For ESX/ESXi clusters and resource pools, another tool you can use is the Resource Allocation tab. The Resource Allocation tab provides a picture of how CPU and memory resources are being used for the entire pool. This high-level method of looking at resource usage is useful for analyzing overall infrastructure utilization. This tab also provides an easy way of adjusting individual virtual machine or resource pool reservations, limits, and/or shares without editing each object independently.

vCenter Server also offers a very powerful, in-depth tool found on the Performance tab. The Performance tab provides a robust mechanism for creating graphs depicting the actual resource consumption over time for a given ESX/ESXi host or virtual machine. The graphs provide historical information and can be used for trend analysis. vCenter Server provides many objects and counters to analyze the performance of a single virtual machine or host for a selected interval.
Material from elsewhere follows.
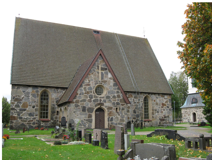
Sääksmäen kirkko pohjoispuolelta, edustalla sakasti.

The Performance tab and the graphs are powerful tools for isolating performance considerations, and I discuss them in greater detail in the section ''Working with Performance Graphs.''

VMware also provides tools to run at the host level to help isolate and identify problems there. Because these tools require the presence of a Service Console, they work only with VMware ESX and not VMware ESXi. I'll take a look at these tools later in this chapter in the section ''Working with Command-Line Tools.''

Finally, I'll take the various tools that I've discussed and show how to use them to monitor the four major resources in a VMware vSphere environment: CPU, memory, network, and storage. Let's get started with a discussion of alarms.

Using Alarms

In addition to the graphs and high-level information tabs, the administrator can create alarms for virtual machines, hosts, networks, and datastores based on predefined triggers provided with vCenter Server. Depending upon the object, these alarms can monitor resource consumption or the state of the object and alert the administrator when certain conditions have been met, such as high resource usage or even low resource usage. These alarms can then provide an action that informs the administrator of the condition by email or SNMP trap. An action can also automatically run a script or provide other means to correct the problem the virtual machine or host might be experiencing.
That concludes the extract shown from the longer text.